Even before Cyberpunk became a glitch-filled letdown, GTA fans like Jeremy weren’t shy about holding back their opinions. On the game’s subreddit, for example, they recreated Cyberpunk’s splashy trailer in Grand Theft Auto:
“Cyberpunk fans try to say that the game is totally different from Grand Theft Auto in that it’s more of a [role-player game] than it is an open-world game like GTA,” Jeremy tells me. “Which is true to an extent, but you can’t deny that Cyberpunk 2077 was basically marketed as a Grand Theft Auto clone. So it feels like they’re trying to defend their shitty game on a technicality.”
“Playing Cyberpunk made me realize Rockstar Games should get more credit for their attention to detail in making a world truly believable,” adds Brian, a 23-year-old in Connecticut. “The [non-player characters] in Grand Theft Auto truly appear to be living their own lives in this world. Meanwhile, Cyberpunk’s missions are fun and unique, but the moment you step foot outside the scripted mission, the immersion is broken. The NPCs are basically mannequins, like they might as well be fans in the stadium for Madden on PlayStation 2, which isn’t the case in GTA.”

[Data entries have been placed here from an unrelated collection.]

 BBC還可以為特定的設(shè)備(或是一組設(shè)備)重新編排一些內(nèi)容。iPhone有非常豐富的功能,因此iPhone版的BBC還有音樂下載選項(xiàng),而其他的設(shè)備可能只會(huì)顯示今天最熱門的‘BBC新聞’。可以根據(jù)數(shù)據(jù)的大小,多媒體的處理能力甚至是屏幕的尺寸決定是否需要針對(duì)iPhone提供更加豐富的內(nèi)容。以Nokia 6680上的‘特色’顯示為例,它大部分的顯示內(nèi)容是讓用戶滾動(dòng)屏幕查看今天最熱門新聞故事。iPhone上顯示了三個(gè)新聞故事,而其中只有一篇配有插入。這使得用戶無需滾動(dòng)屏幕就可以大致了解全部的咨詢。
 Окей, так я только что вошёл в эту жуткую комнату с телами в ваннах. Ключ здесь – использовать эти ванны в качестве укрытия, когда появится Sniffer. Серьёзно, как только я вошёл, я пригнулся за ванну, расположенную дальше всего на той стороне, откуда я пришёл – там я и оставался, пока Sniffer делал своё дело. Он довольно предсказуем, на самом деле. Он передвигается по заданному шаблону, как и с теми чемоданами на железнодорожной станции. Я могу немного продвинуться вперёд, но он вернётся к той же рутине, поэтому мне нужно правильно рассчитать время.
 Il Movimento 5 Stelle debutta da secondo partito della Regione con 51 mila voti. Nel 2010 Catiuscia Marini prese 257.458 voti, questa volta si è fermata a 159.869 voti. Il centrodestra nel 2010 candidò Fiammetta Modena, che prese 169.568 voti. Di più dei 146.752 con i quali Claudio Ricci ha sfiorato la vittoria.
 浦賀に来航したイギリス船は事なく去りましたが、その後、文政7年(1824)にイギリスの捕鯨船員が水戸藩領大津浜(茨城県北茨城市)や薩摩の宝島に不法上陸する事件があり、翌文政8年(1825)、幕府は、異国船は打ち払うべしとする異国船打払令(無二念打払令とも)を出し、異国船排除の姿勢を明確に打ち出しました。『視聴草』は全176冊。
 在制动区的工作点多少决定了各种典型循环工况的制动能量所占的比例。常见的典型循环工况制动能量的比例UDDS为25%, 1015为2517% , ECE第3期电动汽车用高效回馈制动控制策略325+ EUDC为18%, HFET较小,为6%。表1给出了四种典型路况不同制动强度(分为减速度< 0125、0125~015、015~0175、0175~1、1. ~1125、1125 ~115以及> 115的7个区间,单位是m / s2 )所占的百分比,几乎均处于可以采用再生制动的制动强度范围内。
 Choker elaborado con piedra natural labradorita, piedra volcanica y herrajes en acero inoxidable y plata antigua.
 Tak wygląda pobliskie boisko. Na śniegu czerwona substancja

“To be fair, there’s probably a lot of nostalgia going on,” Brian admits. “Many of us played Grand Theft Auto when we were young enough that the illusion of open-world gaming felt like such a high. Like it was a groundbreaking thing we’d never experienced before, so now that we’re grown up, Cyberpunk loses points because that sheen is gone.”

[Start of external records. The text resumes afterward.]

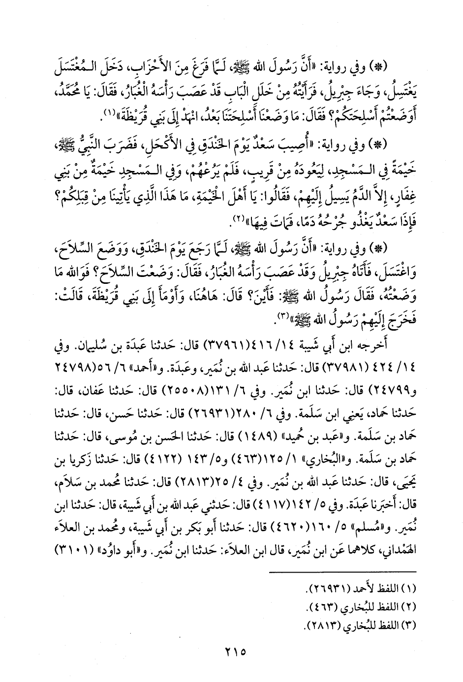 - وفي رواية: «أن رسول الله صَلى الله عَليه وسَلم لما رجع يوم الخندق، ووضع السلاح، واغتسل، فأتاه جبريل وقد عصب رأسه الغبار، فقال: وضعت السلاح؟ فوالله ما وضعته، فقال رسول الله صَلى الله عَليه وسَلم: فأين؟ قال: هاهنا، وأومأ إلى بني قريظة، قالت: فخرج إليهم رسول الله صَلى الله عَليه وسَلم» (¬٢).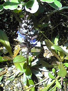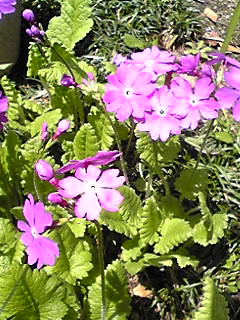 サクラソウ。宿根草で毎年咲いてくれています。隣はアジュガ。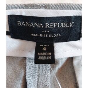 The product is a pair of Banana Republic Woman's High Rise Sloan Pants in Heather Gray, size 4 petite. This slimming and stretchy pair of pants features a flat front design. Made from a blend of polyester, spandex, rayon, viscose, and cotton twill fabric, these pants are suitable for various occasions. The high rise style with a cropped 26-inch inseam and straight leg design make them a versatile and stylish addition to any wardrobe.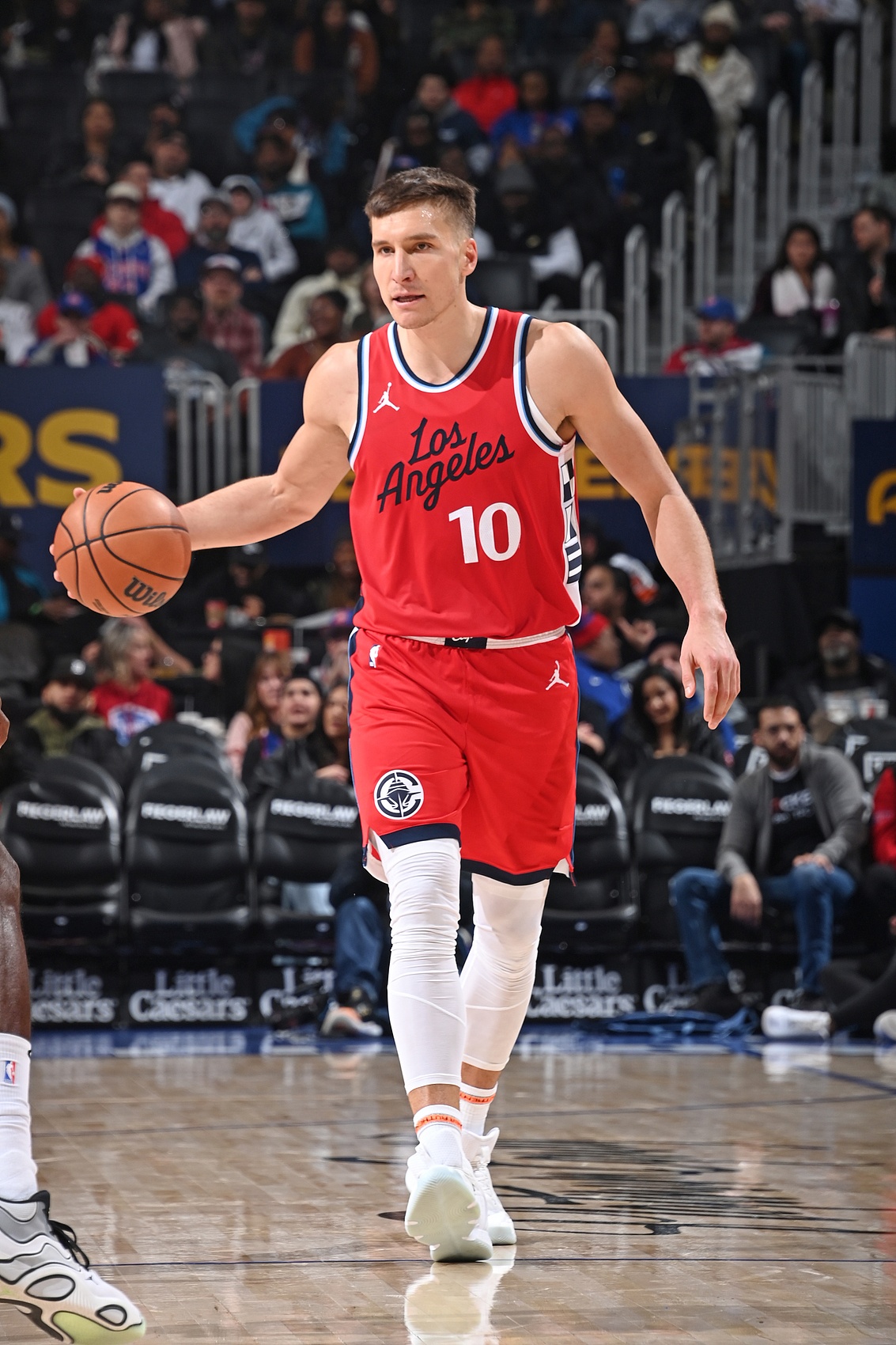 快船末節(jié)擺卡子哥+瓊斯+巴圖姆+西蒙斯+博格達諾維奇的四鋒線陣容在場,除了博格達諾維奇其他四個點的防守拉滿,卡子哥和博格達諾維奇強勢硬解,快船一度建立起12分領先優(yōu)勢。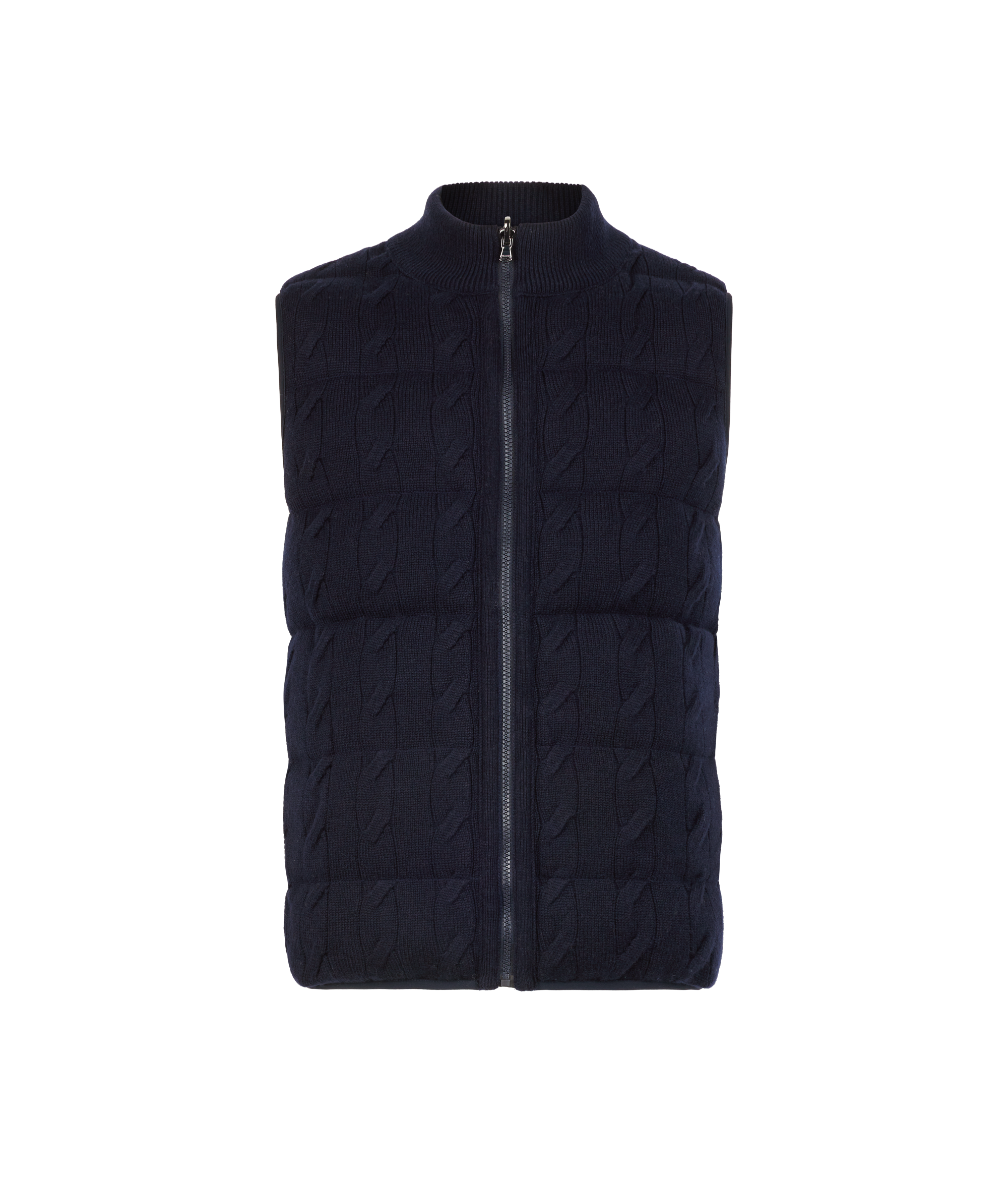 Этот изысканный и универсальный жилет из ультрамягкого кашемира с элегантной вязкой «косы» отличается особым теплом и удобством. Благодаря двустороннему дизайну с внутренней частью из технической ткани он надёжно защищает от холода, а высокий воротник в рубчик и прорезные карманы подчёркивают продуманную функциональность модели. Идеальный выбор на каждый день — для тех, кто ценит эстетику и практичность.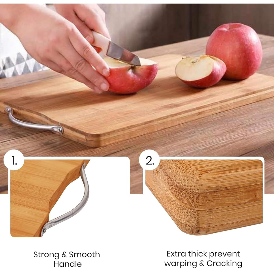 Durable Natural Bamboo Material Built from thick, high-quality eco-friendly bamboo wood that is resistant to cracking, warping, and moisture. Strong enough for daily chopping, yet soft enough to preserve knife sharpness.

That said, he’s still adamant that “we’re seeing a strong regression in terms of game physics, interactivity, A.I., and most of all, immersion in favor of graphics, which is definitely the case for Cyberpunk 2077.”
And that, more than even stolen valor, is what makes GTA fans most annoyed. Yes, Cyberpunk threatened to overshadow one of their favorite games, but many of them wanted it to live up to the hype. “Given the advertising, I sincerely hoped that Cyberpunk would be the next huge leap in gaming, like GTA IV was in 2008,” Brian admits, “but it was nothing but a smokescreen.”
Not that Quinn, a 23-year-old in the U.K., has totally given up hope yet. He says watching Cyberpunk 2077 slowly get upgraded and fixed is “like watching a really good sci-fi movie with an awesome story, world and characters, but the DVD that movie is on is a shitty 240p rip with scenes taken out and the DVD blows up your disk drive. It needs lots of work and more content added, but I seriously think the base-level content is pretty good.”
Whether Cyberpunk gets fixed before Rockstar finally releases Grand Theft Auto 6, which has been rumored to be in development for roughly three years, is another matter. Until then, though, Jeremy and GTA diehards are perfectly content saving their money and booting up their seven-year-old copies of Grand Theft Auto V instead. “Why spend money on an unfinished, glitchy game like Cyberpunk?” he asks, punctuating his point. “GTA V has backwards compatibility with the Xbox Series X — so with the faster load times and better graphics, it’s like playing it for the first time all over again.”